Version-Release number of selected component (if applicable):
Ovirt 4.4.9
RHV 4.4.9

How reproducible:
Always

Steps to Reproduce:
1.Create a snapshot on the original vm
2.Delete the original vm through API 2022-01-04 19:46:09 EVENT_ID: USER_REMOVE_VM_FINISHED(113)
3. Put xml configuration from the vm backup and import it 2022-01-04 19:46:19 Running command: ImportVmFromConfigurationCommand
4. Delete from imported vm all nics and disks
5. Attach new disks and upload the content through image transfer.
6. Finish vm restore
7. Start the restored VM

Actual results:
The vm can't start

Expected results:
The vm's started sucessfully

Additional info:
2022-01-04 20:42:08,833+01 INFO  [org.ovirt.engine.core.vdsbroker.monitoring.VmAnalyzer] (EE-ManagedScheduledExecutorService-engineScheduledThreadPool-Thread-42) [] VM '53f312ba-113c-413b-ac06-7212aceee65a'(null) moved from 'WaitForLaunch' --> 'Up'
2022-01-04 20:42:08,833+01 ERROR [org.ovirt.engine.core.vdsbroker.monitoring.VmsMonitoring] (EE-ManagedScheduledExecutorService-engineScheduledThreadPool-Thread-42) [] Failed during monitoring vm: 53f312ba-113c-413b-ac06-7212aceee65a , error is: {}: java.lang.NullPointerException

2022-01-04 20:42:08,833+01 ERROR [org.ovirt.engine.core.vdsbroker.monitoring.VmsMonitoring] (EE-ManagedScheduledExecutorService-engineScheduledThreadPool-Thread-42) [] Exception:: java.lang.NullPointerException

Comment 1 Yury.Panchenko 2022-01-10 17:35:42 UTC
Hello there.
It's really problematic issue, because customer can't easy workaround it.
Could you try to fix it in the next release?
thanks.

Comment 2 Arik 2022-01-10 19:09:27 UTC
(In reply to Yury.Panchenko from comment #1)
> Hello there.
> It's really problematic issue, because customer can't easy workaround it.
> Could you try to fix it in the next release?
> thanks.

Hi Yury,
Can you please help us understand why is it a problematic issue from your side?
To me it seems like a rare race between handling powered-off vm and removing it, not a common scenario (we didn't get reports on that and this code was introduced couple of years ago), that can be resolved by restarting ovirt-engine
Did customers reported it or is it something that was identified in your automation?
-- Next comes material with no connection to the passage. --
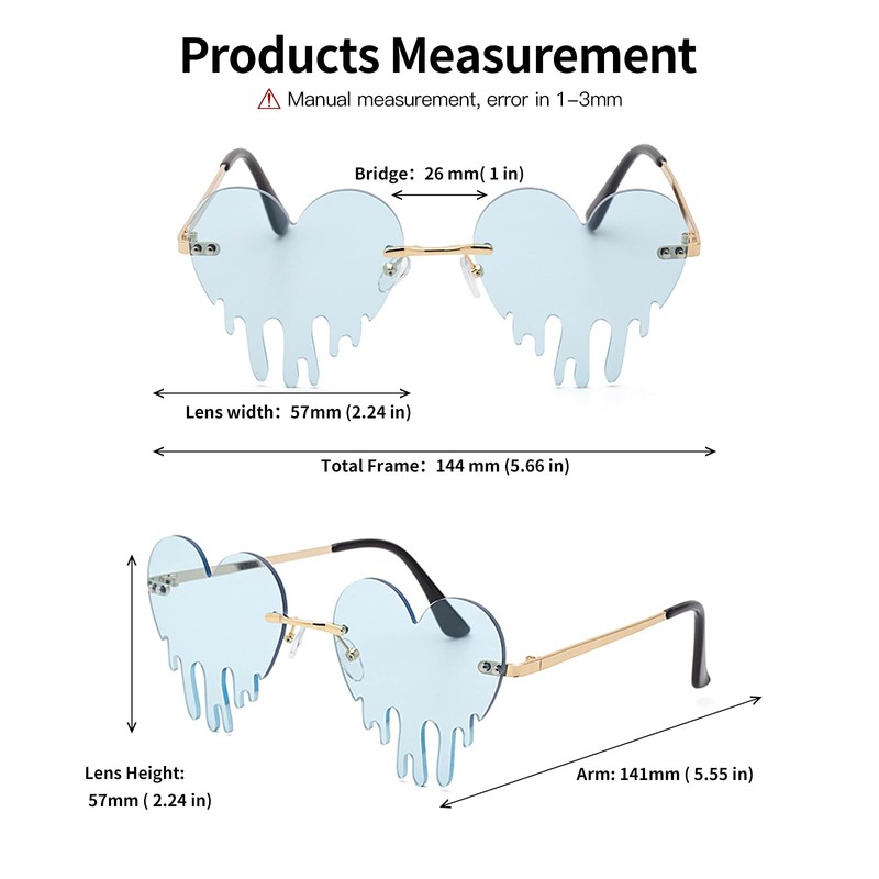 - ▶▶【Lentes de sol con diseño único de corazón】Gafas de sol con diseño único de corazón derretido. Diferentes apariencias convencionales en forma de corazón te dan una experiencia visual diferente. Las líneas derretidas cuelgan en las mejillas como borlas, el color de las hermosas lentes. Combina mejor con tu maquillaje. Muestra tu especial en el baile de graduación.
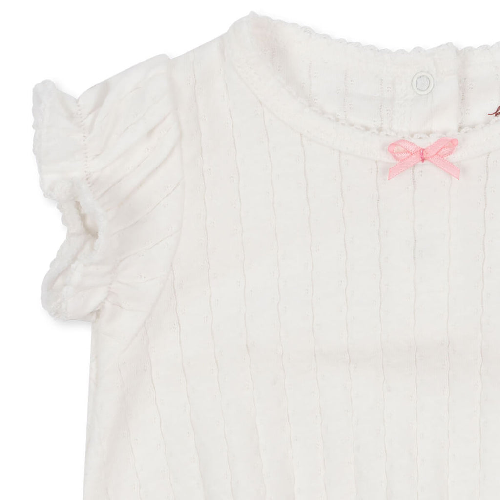 Mallou Romper by Konges Sløjd. Soft and light organic cotton romper with all-over pointelle pattern.

Comment 3 Yury.Panchenko 2022-01-11 12:06:40 UTC
Hello Arik,
> Can you please help us understand why is it a problematic issue from your side?
> To me it seems like a rare race between handling powered-off vm and removing it, not a common scenario (we didn't get reports on that and this code was introduced couple of years ago), that can be resolved by restarting ovirt-engine
Cutstomer usually does restore in some urgent cases when he needs the data now, so in this case he can't power on the vm and he can't get access to the data.
Restart whole ovirt isn't a good idea, because it will cause some downtime for other ovirt users and customer or restore admin sometimes can't have access to the ovirt vm

> Did customers reported it or is it something that was identified in your automation?
we've got this in our testing

Comment 5 Arik 2022-01-11 14:43:04 UTC
OK, so it's more likely to be an issue for automation than issue we'll face in the "real-world"
Yet, as the fix is easy to backport and it relatively safe, we'll backport to 4.4.10 nevertheless

Comment 6 Yury.Panchenko 2022-01-11 16:06:51 UTC
> Yet, as the fix is easy to backport and it relatively safe, we'll backport to 4.4.10 nevertheless
That's good, thanks.

> So it's more likely to be an issue for automation than issue we'll face in the "real-world"
No, for RHV backup customer just enough to click few steps in a vm restore wizard.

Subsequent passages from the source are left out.